◆ INFORMATION SUPPLIED
○ ○ ○ ○ ○ ○ ○

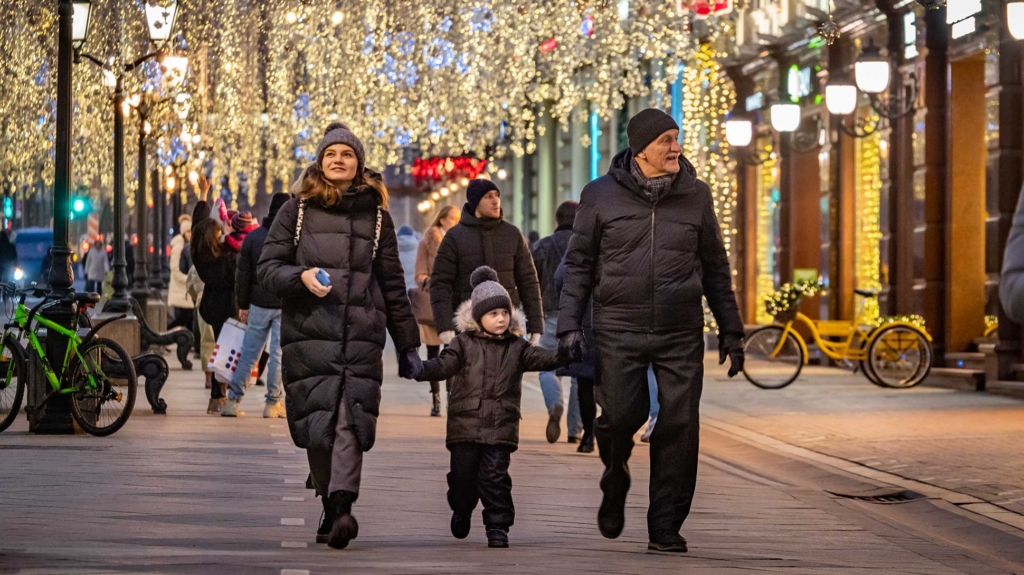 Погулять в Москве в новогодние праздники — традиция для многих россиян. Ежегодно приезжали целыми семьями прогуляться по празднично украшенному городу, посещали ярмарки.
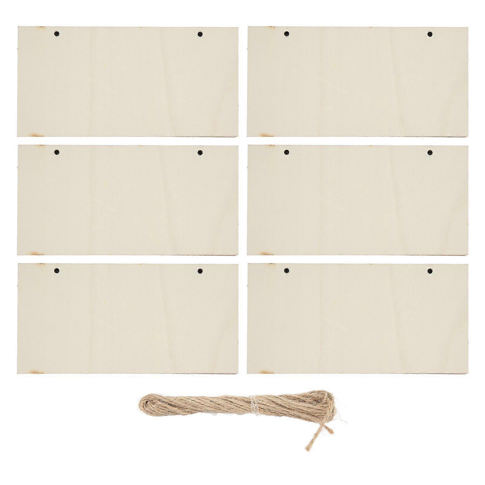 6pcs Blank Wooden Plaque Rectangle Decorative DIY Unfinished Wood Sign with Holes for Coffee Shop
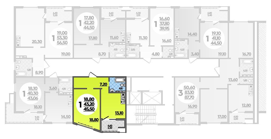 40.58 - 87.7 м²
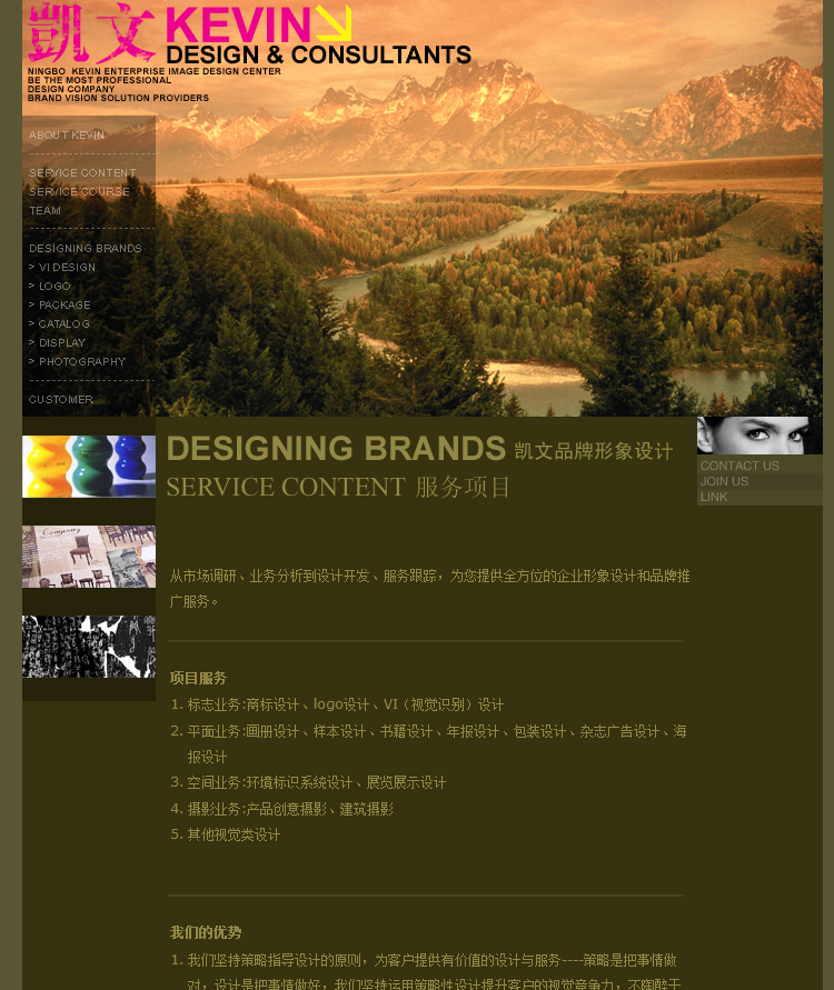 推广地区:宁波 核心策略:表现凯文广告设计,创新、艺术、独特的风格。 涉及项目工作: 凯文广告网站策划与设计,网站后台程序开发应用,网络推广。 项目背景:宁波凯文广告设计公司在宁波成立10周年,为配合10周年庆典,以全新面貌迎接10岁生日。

○ ○ ○ ○ ○ ○ ○

◆ EXERCISE
Produce an exact copy of every line above, with the images left out.

◆ RESULT OF THIS TASK
 Погулять в Москве в новогодние праздники — традиция для многих россиян. Ежегодно приезжали целыми семьями прогуляться по празднично украшенному городу, посещали ярмарки.
 6pcs Blank Wooden Plaque Rectangle Decorative DIY Unfinished Wood Sign with Holes for Coffee Shop
 40.58 - 87.7 м²
 推广地区:宁波 核心策略:表现凯文广告设计,创新、艺术、独特的风格。 涉及项目工作: 凯文广告网站策划与设计,网站后台程序开发应用,网络推广。 项目背景:宁波凯文广告设计公司在宁波成立10周年,为配合10周年庆典,以全新面貌迎接10岁生日。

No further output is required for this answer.